NOTES TO CONSOLIDATED FINANCIAL STATEMENTS—(Continued)

(Unaudited)

 

 

Effective October 4, 2010, Steven Green was named interim President and Chief Executive Officer of the Company and interim Chief Executive Officer of GS Maritime. Mr. Green is currently the Chairman of the Board of Directors of GS Maritime, and has served in such capacity since December 4, 2007. Mr. Green is a former U.S. ambassador to Singapore and has been managing partner of Greenstreet Partners, LP, a merchant bank that was founded by Mr. Green, since 1989.

Effective October 22, 2010, Timothy Bresnahan, the Secretary and Senior Vice President, Business Development of United Maritime Group, LLC (the “Company”), ceased to be employed by the Company.

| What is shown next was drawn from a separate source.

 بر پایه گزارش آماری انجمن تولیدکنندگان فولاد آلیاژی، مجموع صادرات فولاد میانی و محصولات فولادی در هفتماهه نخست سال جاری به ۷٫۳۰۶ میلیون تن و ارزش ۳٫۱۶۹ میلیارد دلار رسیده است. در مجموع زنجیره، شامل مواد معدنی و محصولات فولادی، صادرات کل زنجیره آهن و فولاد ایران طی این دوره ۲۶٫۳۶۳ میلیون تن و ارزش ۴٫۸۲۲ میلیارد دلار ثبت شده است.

With the departure of the President and Chief Executive Officer on October 4, 2010 and the Senior Vice President, Business Development on October 22, 2010, the Company will recognize approximately $1.4 million in additional salary and severance related expense in the fourth quarter of 2010.

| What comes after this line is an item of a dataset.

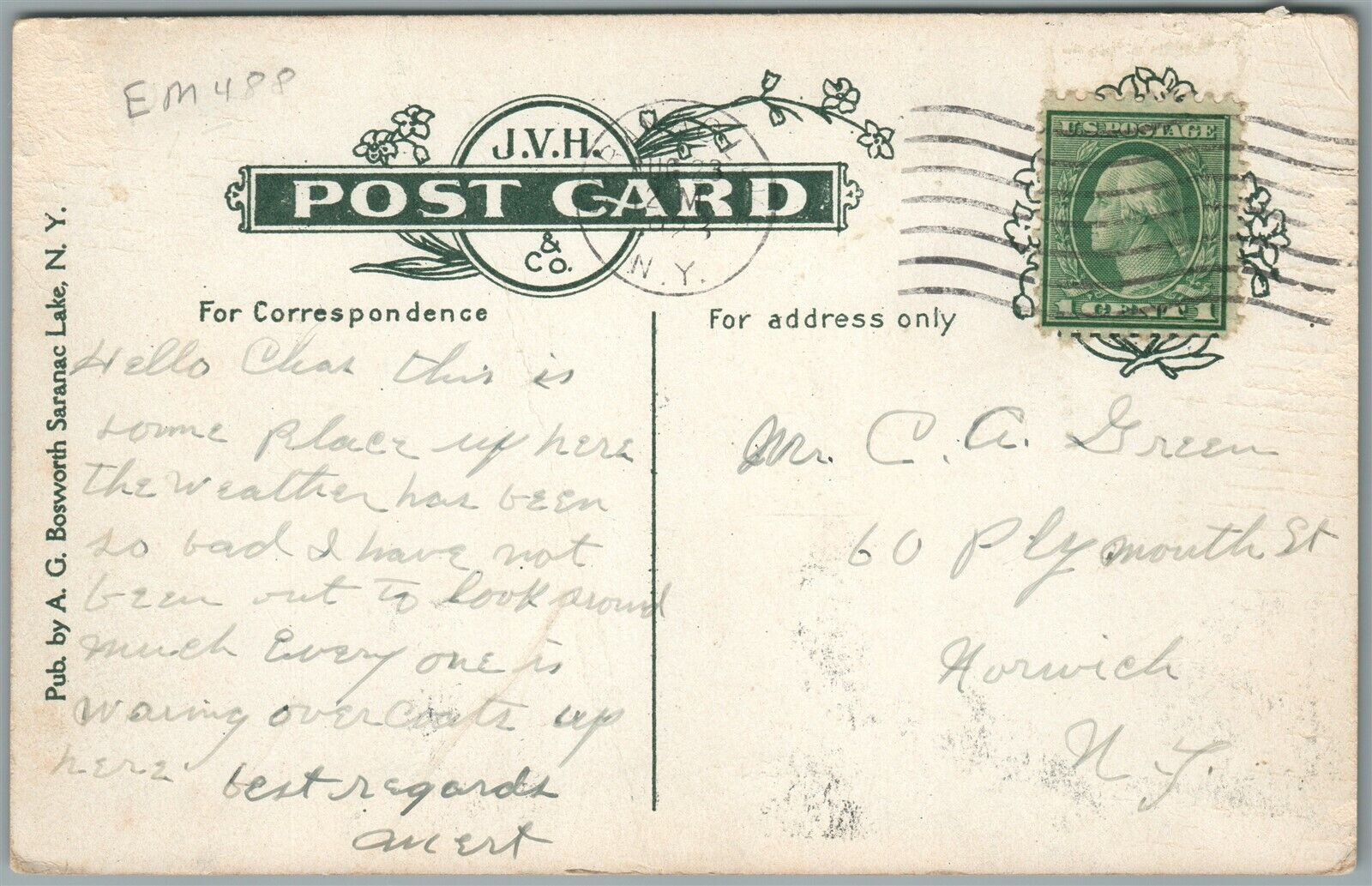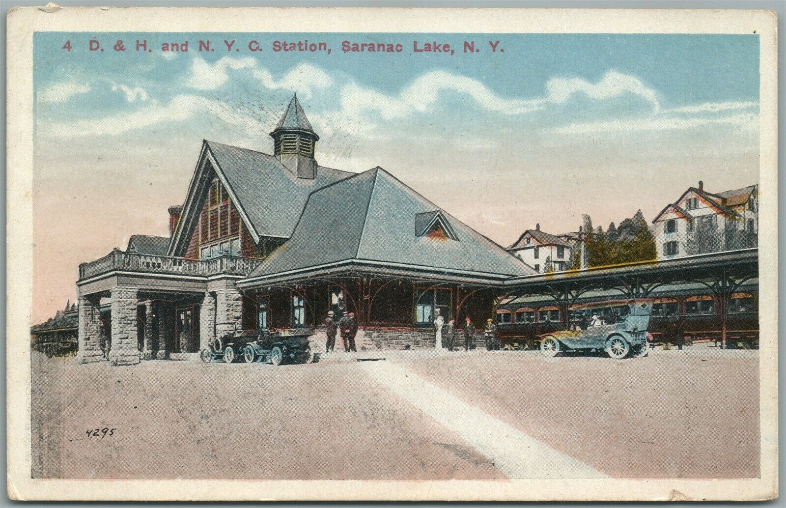 SARANAC LAKE NY RAILROAD STATION RAILWAY TRAIN DEPOT ANTIQUE POSTCARD

On October 28, 2010, the Company learned that Mosaic had reached an agreement with the environmental organizations who have opposed the permits for mining operations at Mosaic’s South Fort Meade mine. A preliminary injunction relating to those mining permits has given rise to Mosaic’s claim of circumstances of force majeure under the Mosaic Agreement. The Company understands that the agreement between Mosaic and the environmental organizations will allow the mining of about 200 acres over an estimated four month period at the Hardee County Extension of Mosaic’s South Fort Meade mine while Mosaic’s litigation with the environmental organizations continues. Mosaic has indicated to the Company that it does not expect this limited mining will allow them to resume shipments under the Mosaic Agreement. Mosaic’s position continues to be that the preliminary injunction constitutes a force majeure event which provides relief from the guaranteed annual minimum obligations under the Mosaic Agreement. The Company continues to dispute that claim.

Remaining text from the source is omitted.